Jérôme ATTAL - Pascale Jeanne Morisseau

Transcription

Jérôme ATTAL - Pascale Jeanne Morisseau
Entretien avec un dandy : Portrait de Jérôme ATTAL, réalisé le 3 novembre 2003, par
Pascale Jeanne MORISSEAU, présidente du collectif d’artistes DINOSAURS.
A l’occasion de sa prochaine série de concerts au HOUSE of LIFE (ancien Chesterfield
Café), les 12, 13, et 14 novembre 2003, nous avons demandé à Jérôme ATTAL, auteur,
chanteur de charme et dandy parisien, de bien vouloir répondre à certaines questions
que nous nous posons sur son personnage fort et incontournable de la jeune chanson
française, dite indépendante, et de son engagement artistique.
HOUSE OF LIFE – 124 rue de la Boëtie – 75008 Paris – 22H00 – Entrée LIBRE
DINOSAURS : Quand et comment as-tu commencé à écrire des chansons ?
Jérôme ATTAL : Quand j’ai commencé à devoir parler aux filles.
D : En tant qu’auteur et interprète, ne ressens-tu pas le manque de composer toimême ? Comment travailles-tu avec tes musiciens (Cyrille Fournel, Frédéric Rouet et
Mathieu Zazzo) ?
JA : Parfois, j’écris des mélodies sur des bases musicales ou sur des boucles qu’ont
travaillés mes musiciens, mais, étant piètre musicien moi-même, je leur fais
confiance pour traduire, creuser et faire aboutir en chanson mes émotions et mes
envies.
D. : Tu présentes la particularité de rédiger un journal intime (1998-2003) que tu
mets à jour plusieurs fois par semaine sur internet. Qu’est-ce qui a motivé un tel
choix, et quelles ont été tes influences ?

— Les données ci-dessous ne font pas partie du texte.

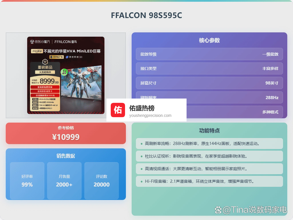 2026年万元以上电视机哪款好,这几个品牌公认值得买一、FFALCON这款FFALCON 98S595C Ultra平板电视配备了MiniLED显示技术,具有1152个独立控光区,能够实现更精准的亮度调节。峰值亮度高达2000nits,细节表现细腻丰富,暗部细节也能呈现出深邃纯净的黑色。实测色彩还原挺自然,即使在白天观看也没有明显反光,视觉体验不错。
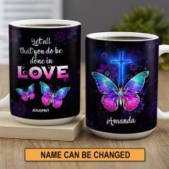 | 1 Corinthians 16:14 | Cross And Butterfly | Let All You Do Be Done In Love | Personalized Ceramic Mug CCMH707
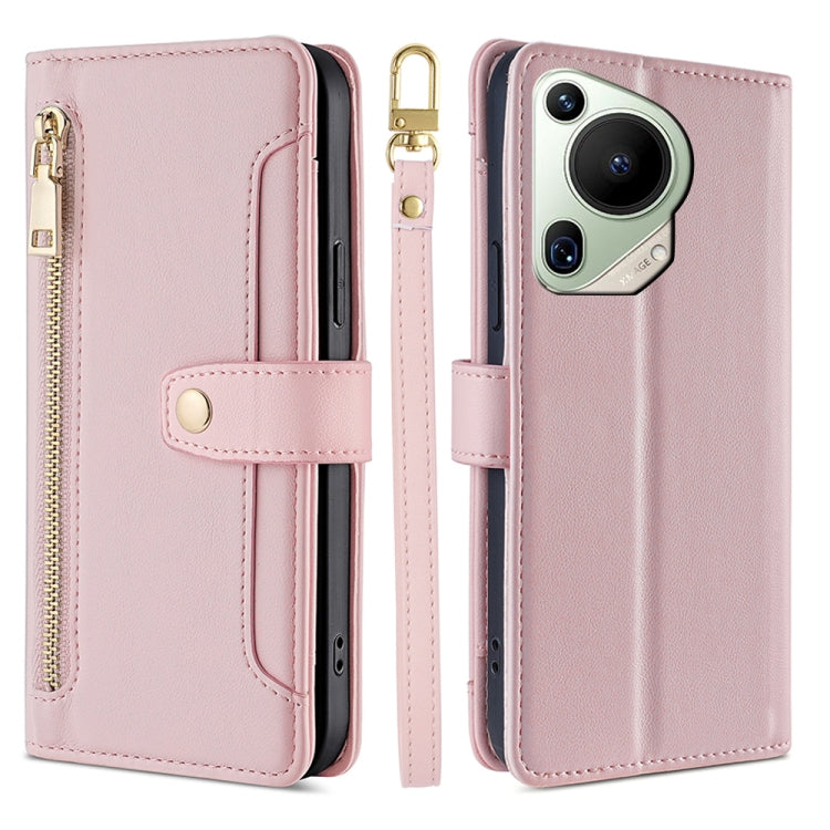 Funda de Cuero para Huawei Pura 70 Ultra 5G con Billetera, Cremallera y Textura de Oveja (Rosa)

JA : Au départ, c’était un moyen de rendre attractif le site, de faire venir les gens pour
découvrir notre musique, mais c’était un prétexte, puisque j’écrivais depuis
longtemps mon journal intime sur des carnets. C’est un travail aussi important que
celui des chansons. Quand j’ai une émotion ou des choses à raconter, j’ai le choix
entre les chansons ou le journal. Ou un texto pour la fille dont je suis amoureux. Et si
je ne suis pas amoureux, un texto pour virer quelqu’un à la Star Academy, sauf que je
crois qu’on ne vire pas les gens à la Star Academy, mais qu’on les sauve. Comme quoi
le PAF est christique.
www.jerome-attal.com
D. : Faire un journal, était-ce pour pallier un manque de reconnaissance du monde de
la chanson, comme le besoin vital d’exister quand même, indépendamment de tout
système ?
JA : Non, c’est un exercice qui me convient. Au début, c’était marrant, parce que ça
expliquait ce monde un peu compliqué de l’entrée en chanson, et puis rapidement, on
s’en fout un peu. Ca déborde le côté anecdotique.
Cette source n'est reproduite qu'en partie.